The details can be found here.


----------



## Ron (Jun 12, 2008)

Who's daughter would not want that.


----------



## ILPlumber (Jun 17, 2008)

I like it. I would rather build it in though. It seems cheap looking with the apron.


----------



## SewerRatz (Apr 25, 2009)

Thats pretty sweet.


----------



## ROCKSTARPLUMBER (Dec 14, 2008)

I coughed when I saw the price tag. Better you than me KTS. I could build it for 1/3 of the cost.


----------



## user2090 (Sep 26, 2009)

Were you looking for charitable donations?


----------



## DUNBAR PLUMBING (Sep 11, 2008)

Yeah!

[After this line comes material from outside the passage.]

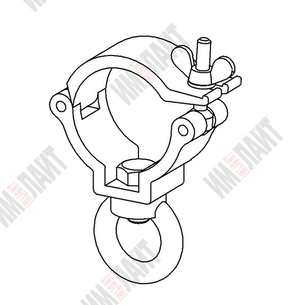 Алюминиевый хомут с рым-гайкой М10 облегченный, шириной 30 мм на трубу d48-51мм. Допустимая нагрузка 75 кг. Цвет - Черный
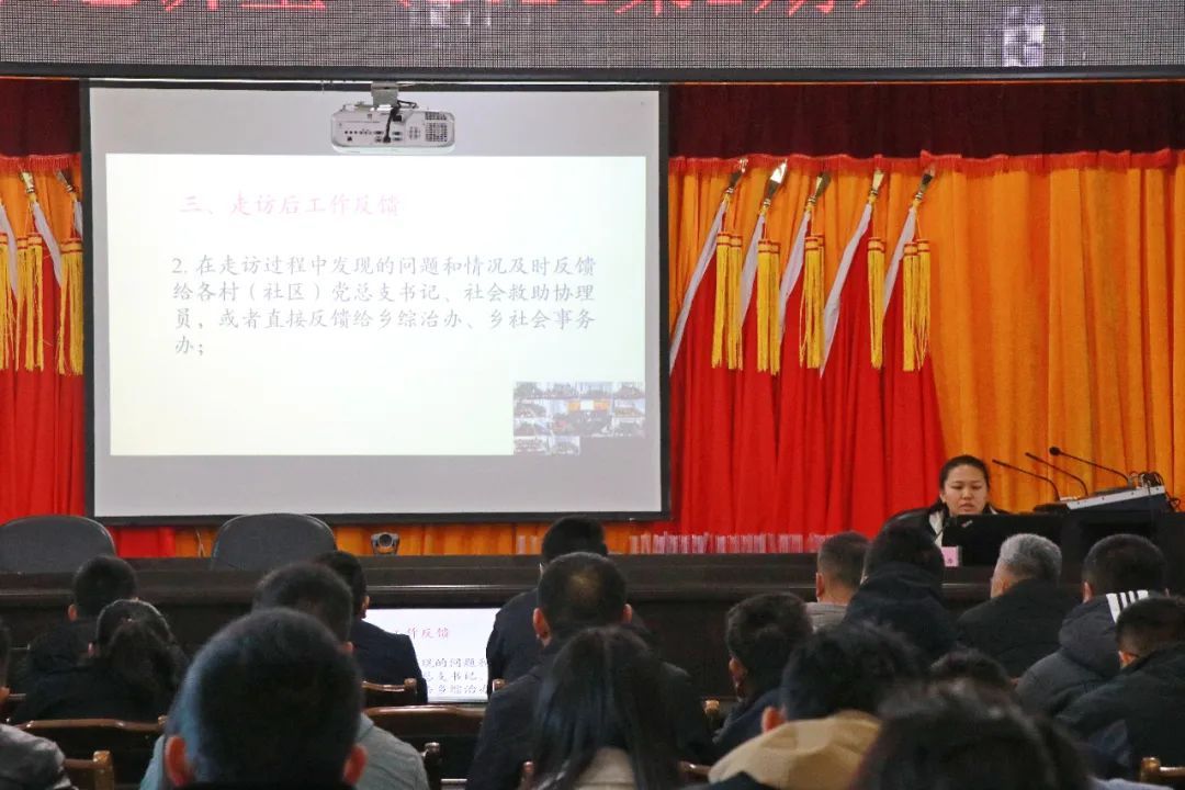 会议中,讲解员以走访流程为脉络,走访内容为延伸,认真讲解走访步骤,确保包保责任人走访出实效。走访前,走访人员要向村组干部充分了解包保儿童家庭基本情况、生活条件等,打牢走访根基。走访中,结合被走访人实际,因人而异根据走访提纲进行访问,并告知监护人履行监护责任及注意事项,严格遵循保密原则;同时,对走访中遇到的问题力所能及给予帮助解决。走访后,将发现的问题及时进行反馈和跟踪落实,对村级不能解决的立即转交乡级协调解决,确保问题“事事有着落,件件有回音”。

I got some of them 2000 flushes tablets to make your water blue!


----------



## Herk (Jun 12, 2008)

Not for me. How ya gonna read in the tub with all that noise?


----------



## user2091 (Sep 27, 2009)

Man my girlfriend wants that one too. hope Santa can spring for that one! sure looks good.


----------



## para1 (Jun 17, 2008)

I make my own _bubbles.:blink::blink::blink:_


----------



## UnclogNH (Mar 28, 2009)

Don't think I would fit in it. :whistling2:


----------